The Saga pattern accepts eventual consistency rather than trying to force atomic consistency across services.
The system might be temporarily in an inconsistent state (payment charged but item not yet reserved) while the Saga is in progress. Designing each step and its compensation carefully ensures the system always reaches a consistent state eventually, either the complete transaction or a fully compensated rollback.
**Beginner Mistake to Avoid**
New engineers sometimes try to implement distributed transactions using 2PC across microservices, locking resources in multiple databases and coordinating commits over the network. This works in demos but fails in production.
Network timeouts cause indefinite locks.
Coordinator failures leave transactions in limbo. Latency makes the entire flow slow. If you are building microservices and need distributed transactions, use the Saga pattern.
If you need true atomic transactions, that is a signal that the data should probably live in a single database rather than being split across services.
Interview-Style Question
> Q: A user books a vacation package that involves three separate services: flights, hotels, and car rentals. The car rental service fails after flights and hotels are booked. How do you handle this?
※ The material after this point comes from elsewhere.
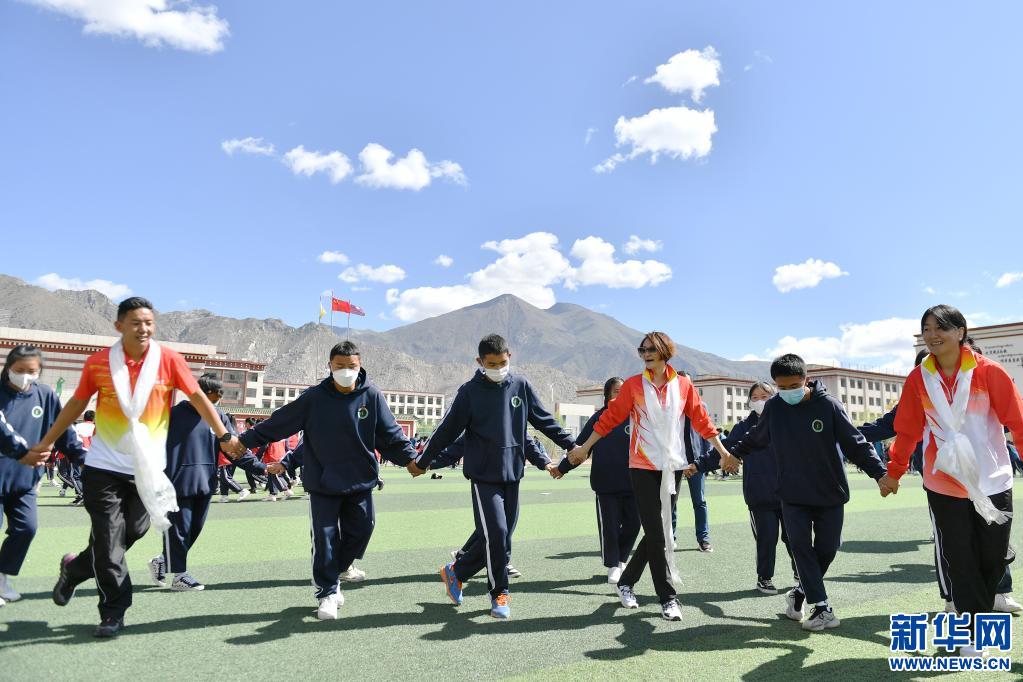 6月25日,跳水奧運(yùn)冠軍高敏(前右三),西藏和平解放以來首個(gè)競(jìng)技體育世界冠軍、摔跤運(yùn)動(dòng)員西洛卓瑪(前右一)和成功登頂七大洲最高峰并徒步到達(dá)南北極點(diǎn)的西藏登山運(yùn)動(dòng)員德慶歐珠(前左一)在拉薩市阿里高級(jí)中學(xué)和學(xué)生們一起跳鍋莊課間操。新華社記者 孫瑞博 攝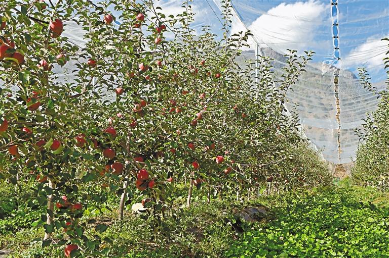 寬行密植有利于機(jī)械化生產(chǎn),多功能網(wǎng)室減免了套袋的人工和時(shí)間成本,水肥一體化灌溉系統(tǒng)能有效節(jié)水節(jié)肥……標(biāo)準(zhǔn)化種植的基地里,充滿了現(xiàn)代科技感。據(jù)介紹,目前,增巴村蘋果種植基地畝產(chǎn)量在5000斤左右,明年進(jìn)入豐產(chǎn)期后,能達(dá)到每畝8000斤的產(chǎn)量。

> A: Use a Saga with an orchestrator. The orchestrator coordinates the booking flow: first book the flight, then the hotel, then the car rental. When the car rental fails, the orchestrator triggers compensating transactions in reverse order. It cancels the hotel reservation (calling the hotel service's cancel endpoint) and cancels the flight reservation (calling the flights service's cancel endpoint). Each compensation is idempotent so retries are safe. The orchestrator logs every step and compensation for audit purposes. If a compensation itself fails (the hotel cancel API is down), the orchestrator retries with exponential backoff and eventually alerts a human operator if all retries are exhausted. The user sees a clear message: "We could not complete your booking. Any charges have been reversed." The system is always in a consistent state, either fully booked or fully cancelled.
_Saga Orchestration Flow for a Vacation Booking_
### KEY TAKEAWAYS
* Two-phase commit (2PC) provides atomic distributed transactions but is blocking, slow, and fragile. It suits tightly coupled databases, not microservices. * Three-phase commit (3PC) reduces blocking but adds complexity and is rarely used in production. * The Saga pattern breaks distributed transactions into local transactions with compensating actions for rollback. It is the standard approach for microservices. * Choreography uses events for decentralized coordination. Orchestration uses a central coordinator. Choose orchestration for clear linear flows and choreography for loosely coupled reactions.
* Compensating transactions must be idempotent, carefully designed for operations that cannot be truly undone, and equipped with retry and escalation logic. * If you need atomic transactions across multiple data stores, reconsider whether that data should be split across services in the first place.